Abstract

Few studies have been made on the practice of preliminary interviews, which are sessions that rely on less psychoanalytical theory than the following sessions, in analytical therapies. However, the first sessions with a new patient matter greatly to all analysts—a fact that our study confirms thanks to therapists’ answers to a standardized questionnaire that we validated in a previous study. The clinical observation data in our recently published study on the practice of preliminary interviews in psychoanalysis were collected empirically in the Department of Psychiatry of the Pitié-Salpêtrière University Hospital among 30 therapists—15 therapists with at least 10 years’ experience and 15 therapists with less than 5 years’ experience. They were asked to answer regarding the preliminary interviews with a patient they had seen two to five times by the time they answered the questionnaire. For this study we used an updated version of our questionnaire, with new to-the-point questions regarding the patient’s meta-communication. Thirty-six items cover five variables chosen according to the therapist’s degree of involvement in his decision to follow that patient. An additional evaluation scoring sheet, with a validated inter-judge reliability, allows the data to be assessed by members of the psychoanalyst group. The results of the evaluation scoring sheet are the “objective” aspect of the research. The questions regarding the five variables we focus on, allow the therapists to evaluate whether or not they feel they have answered the questionnaire.

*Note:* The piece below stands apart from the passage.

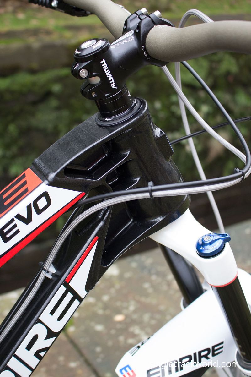 A decade ago we said this: “The Empire is a British designed and made slab of no-nonsense trail bike (also for out upcoming group test). The swingarm is a very impressive piece of hollow-cast engineering. It yields 150mm travel with a Rockshox Monarch. The pivot bolts are smaller versions of the ones used in motocross bikes, fact fans. There’s a 66.5 degree head angle for Maximum Enduro. Ours runs a Revelation fork with 150mm travel. Now that’s quite a stiff-looking front end. The head tube wotsit (as well as the seatmast) is actually cast too.”

Their own assessment of their clinical work is the “subjective” aspect of the study. Though the patient’s meta-communication is slight during the very first sessions, all of the therapists involved in this study are able to spot it as one of the most promising elements for a psychoanalysis to be possible. The clinical data allow us to speculate that the psychodynamic hypothesis is worked out on the basis of what is heard of the patient’s meta-communication abilities. This is supported by psychoanalytical theory on the one band and on the other band by what the analyst’s experiences in his understanding of transference and counter-transference.